For the first month of the season, the story has been the improvement of the Chiefs’ defense — a narrative that continued during Sunday’s victory. Kansas City held the Vikings’ offense — which includes Justin Jefferson, who might be the league’s best wide receiver — to only 20 points.
But according to the Chiefs’ defensive tackle Chris Jones, Minnesota quarterback Kirk Cousins didn’t make it easy for his teammates.
“It’s always a challenge when you’re going against a heck of a quarterback like Kirk Cousins,” Jones told reporters after the game. “No matter how exceptional that offensive line plays, when you have that smartness behind those guys, it tends to get the ball out fast, it tends to call play-action passes, and it forces the D-Line to kind of hold up on their pass rush.
“I think they did a tremendous job on adjusting to what we like to do best — and getting the ball out early. Kudos to those guys.”
Before leaving the game in the fourth quarter with a hamstring injury, the Kansas City secondary held Jefferson to just three receptions for 28 yards.
“They played exceptional today,” declared Jones. “Hats off to those guys. If we had a game ball today, I’d give it to the whole back end. They held their own — especially against a great wide receiver and a heck of a quarterback. Hats off to them.”
Head coach Andy Reid wanted to specifically highlight the work that fourth-year cornerback L’Jarius Sneed had put in against Jefferson.
“What can you say about Sneed?” he asked reporters. “This is the best receiver in the National Football League — or at least one of them, but arguably the best. [Sneed] went toe-to-toe with him tonight. So it was a great job.”
Sneed himself wanted to turn the praise toward his coaches.
“I’ve been preparing all week,” he recalled. “Coach has been installing in me what to do and what not to do. I just come to work and do my work.”
The cornerback was involved in the game’s most controversial moment. Late in the fourth quarter, the Vikings had a chance to tie the score on a fourth-and-12 from the Kansas City 24-yard line.
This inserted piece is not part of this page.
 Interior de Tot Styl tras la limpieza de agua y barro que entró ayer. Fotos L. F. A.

Sneed initially appeared to have been called for pass interference against Vikings receiver Jordan Addison in the end zone. But after discussing the play, officials decided the pass had been uncatchable — and picked up the flag.
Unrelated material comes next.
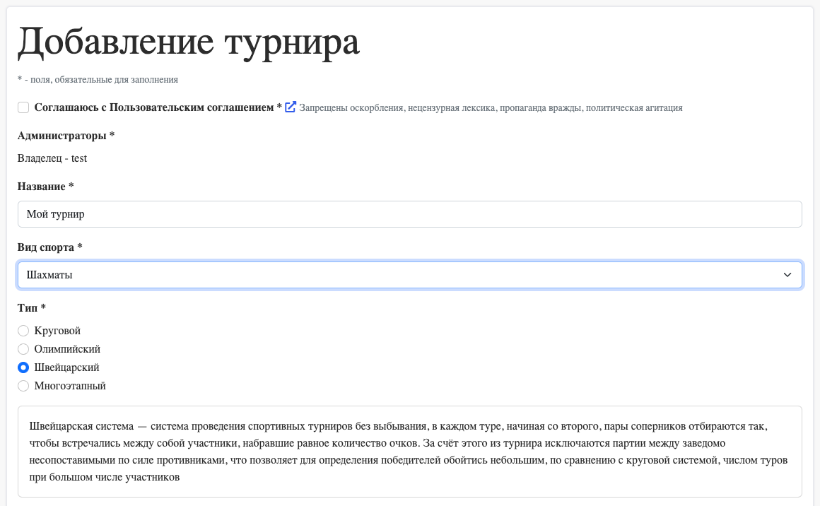 Следующим шагом будет добавление участников. Смотрите инструкцию Участники турнира

“I know it was fourth down,” Sneed said of the play, “and I knew they had to go to the end zone. So, I played off — at the sticks, you know — getting my head back.”
Unsurprisingly, Reid agreed with how the crucial call played out.
“He was just jogging [or] running with him,” the coach argued. “He wasn’t grabbing him or pushing him or anything. That’s how they were: just running down the field. The ball obviously wasn’t catchable. He did a nice job, I thought, shadowing him.
“I thought it was a good call. I think picking the flag up was probably the right thing to do. They communicated, which is all you ask for. It was one guy, so they’re human beings working on it there.”
In spite of their early-season success, the Chiefs’ defenders expect their side of the ball to continue to improve.
“I know we’ve got a lot of work to do,” Sneed reminded his listeners. “We’re still progressing. We’re still trying to come together. We’re piecing it together.”
Part of what still needs to be done is reducing penalties. Although the game’s most important call bounced Kansas City’s way, the defense saw yellow laundry throughout the afternoon. On a second-quarter drive that resulted in a Vikings field goal, the defense gave up four first downs via penalty — including a pair by Sneed.
“As a defense, that’s careless mistakes,” he said. “We’ve got to stop the penalties. We hone in on that. Coaches hone in on that as well: eliminate the penalties.”
Jones agrees that the Chiefs’ defense is still working through some things, but is happy with the high number of players contributing.
“It’s still early,” noted the All-Pro defensive tackle. “We’re still building. Getting the chemistry along the D-line still [is] always a challenge. Most importantly, [we’re] getting everyone going.”
Kansas City’s star pass rusher sees a high degree of buy-in for what defensive coordinator Steve Spagnuolo is selling.
“I’m not a DC,” Jones explained. “I’m just a part of [it]; one of 11. Whatever Spags comes up with, he’s been in this game a long time [and] had a lot of success within this defense. We trust [him] — and we try to execute to the best of our ability.”
While neither the Chiefs’ defense or offense is playing perfect ball, Jones sees them as a good complement for one another.
“I think it’s a fair trade,” he said. “We keep them under 20 points, offense scores more than 20 points — and we win the game. If that’s the way it can go all season, then it’s going to be a heck of a season. But I think we can be better on both sides of the ball [and] continue to challenge each other.
“And we’ll see you guys [on] Thursday.”